=== Required action ===
Only the pictures are to be left out; set down the rest of the records exactly.

+ + + + + + +

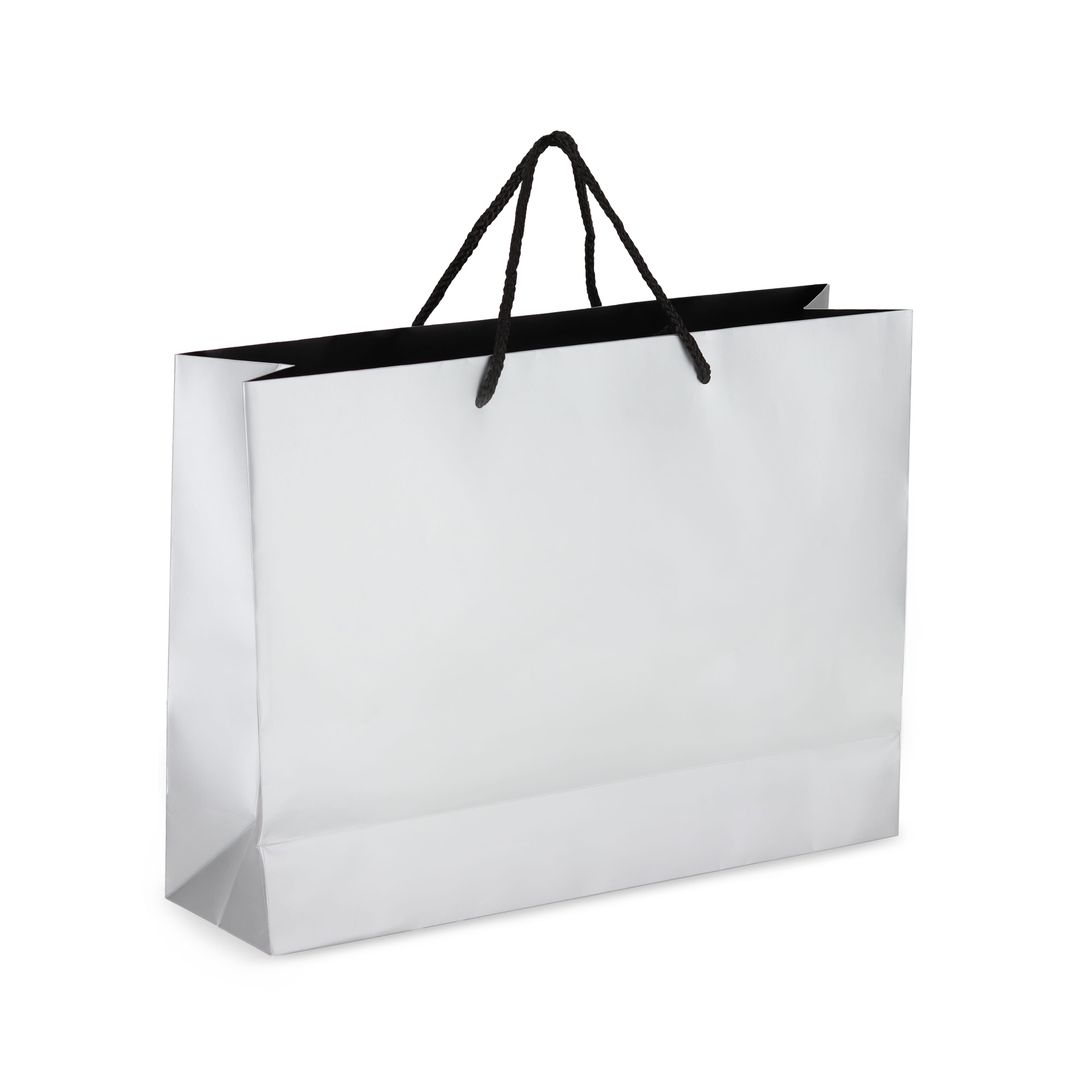 Elegante Geschenktasche aus Papier mit 5 mm dicken Kordeln aus recyceltem Polyester. Sie ist für ein Gewicht von bis zu 5 kg ausgelegt und hat ein luxuriöses Aussehen mit schwarzen Griffen und einer schwarzen Innenseite. Perfekt zum Überreichen von Geschenken.
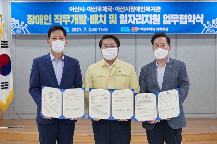 [아산=박명수 기자] 충남 아산시가 2일 아산우체국, 아산시장애인복지관과 장애인의 일자리 직무개발·배치 및 사회참여 확대를 위한 업무협약을 체결했다.
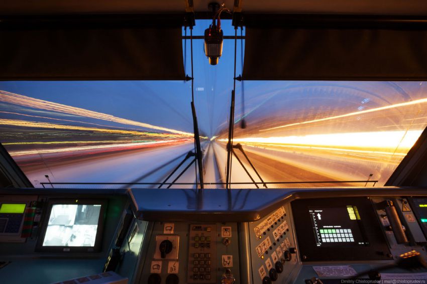 Автор давно хотел осуществить свою давнюю мечту — проехать в кабине электропоезда и поснимать открывающиеся с неё живописные виды. И вот позвав своего друга и устроившись поудобнее в теплой кабине машиниста, они прокатились от Белорусского вокзала до аэропорта Шереметьево.
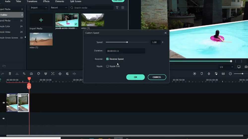 В диалоговом окне «Пользовательская скорость» вы найдете параметры скорости, продолжительности, реверса и пульсации. Чтобы создать видео с циклическими эффектами, щелкните параметр «Обратный», чтобы автоматически перевернуть воспроизведение видео с конца на начальный кадр. Нажмите OK, чтобы сохранить настройки.
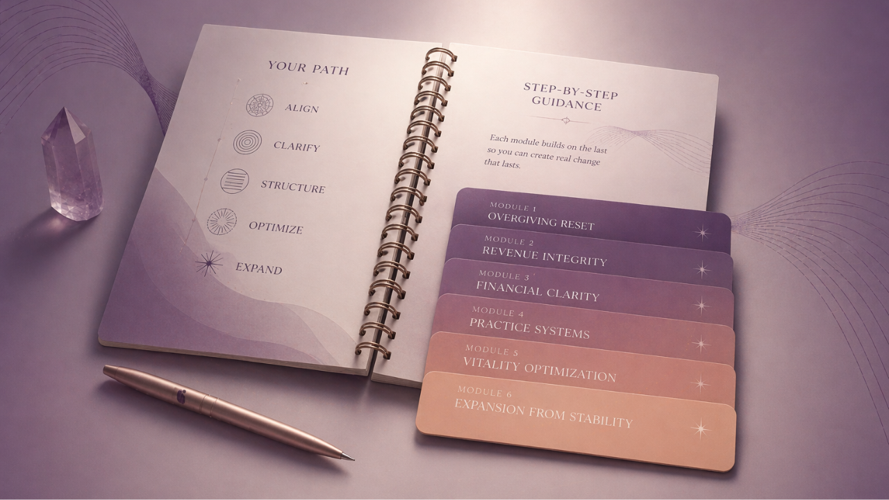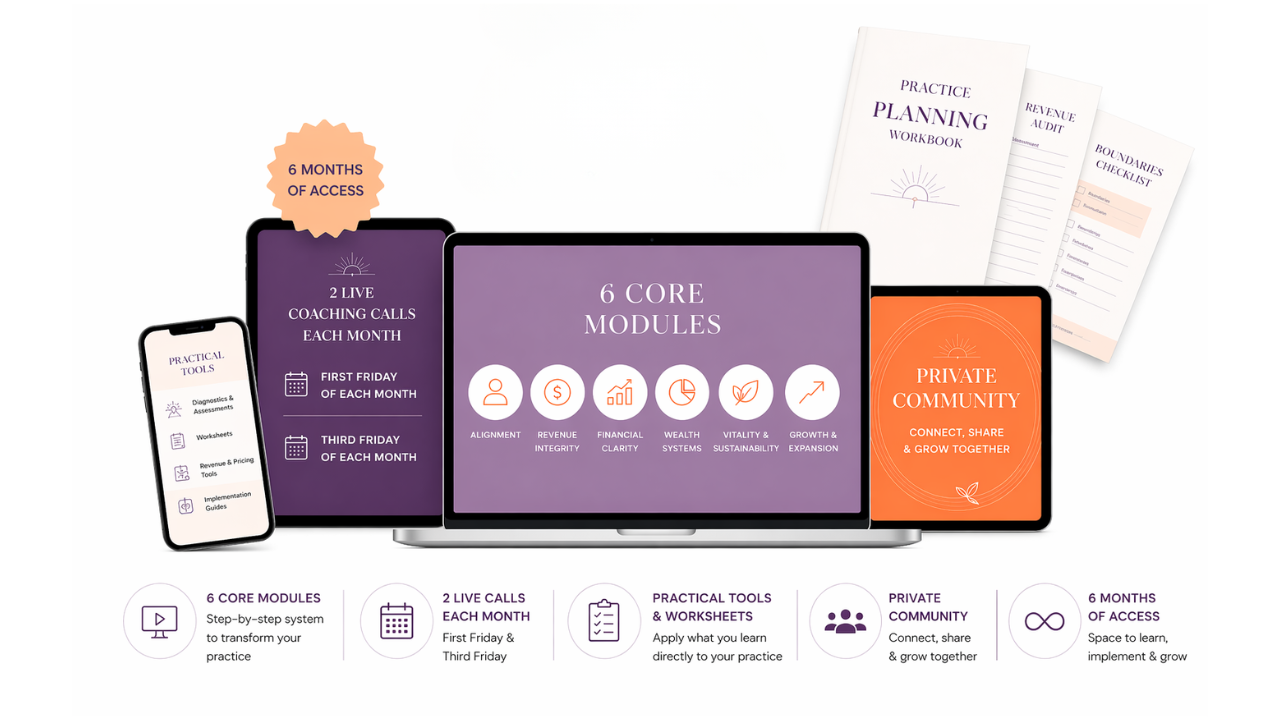 A step-by-step system to fix the structure of your practice so your time, energy, and income finally work together.
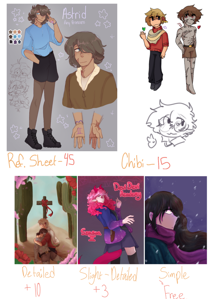 ☆ Reference Sheets will have ( full body, 2 sketch expression, 1 flat bust, and showing of hand or color sheet. )

+ + + + + + +

=== Task solution ===
 Elegante Geschenktasche aus Papier mit 5 mm dicken Kordeln aus recyceltem Polyester. Sie ist für ein Gewicht von bis zu 5 kg ausgelegt und hat ein luxuriöses Aussehen mit schwarzen Griffen und einer schwarzen Innenseite. Perfekt zum Überreichen von Geschenken.
 [아산=박명수 기자] 충남 아산시가 2일 아산우체국, 아산시장애인복지관과 장애인의 일자리 직무개발·배치 및 사회참여 확대를 위한 업무협약을 체결했다.
 Автор давно хотел осуществить свою давнюю мечту — проехать в кабине электропоезда и поснимать открывающиеся с неё живописные виды. И вот позвав своего друга и устроившись поудобнее в теплой кабине машиниста, они прокатились от Белорусского вокзала до аэропорта Шереметьево.
 В диалоговом окне «Пользовательская скорость» вы найдете параметры скорости, продолжительности, реверса и пульсации. Чтобы создать видео с циклическими эффектами, щелкните параметр «Обратный», чтобы автоматически перевернуть воспроизведение видео с конца на начальный кадр. Нажмите OK, чтобы сохранить настройки.
 A step-by-step system to fix the structure of your practice so your time, energy, and income finally work together.
 ☆ Reference Sheets will have ( full body, 2 sketch expression, 1 flat bust, and showing of hand or color sheet. )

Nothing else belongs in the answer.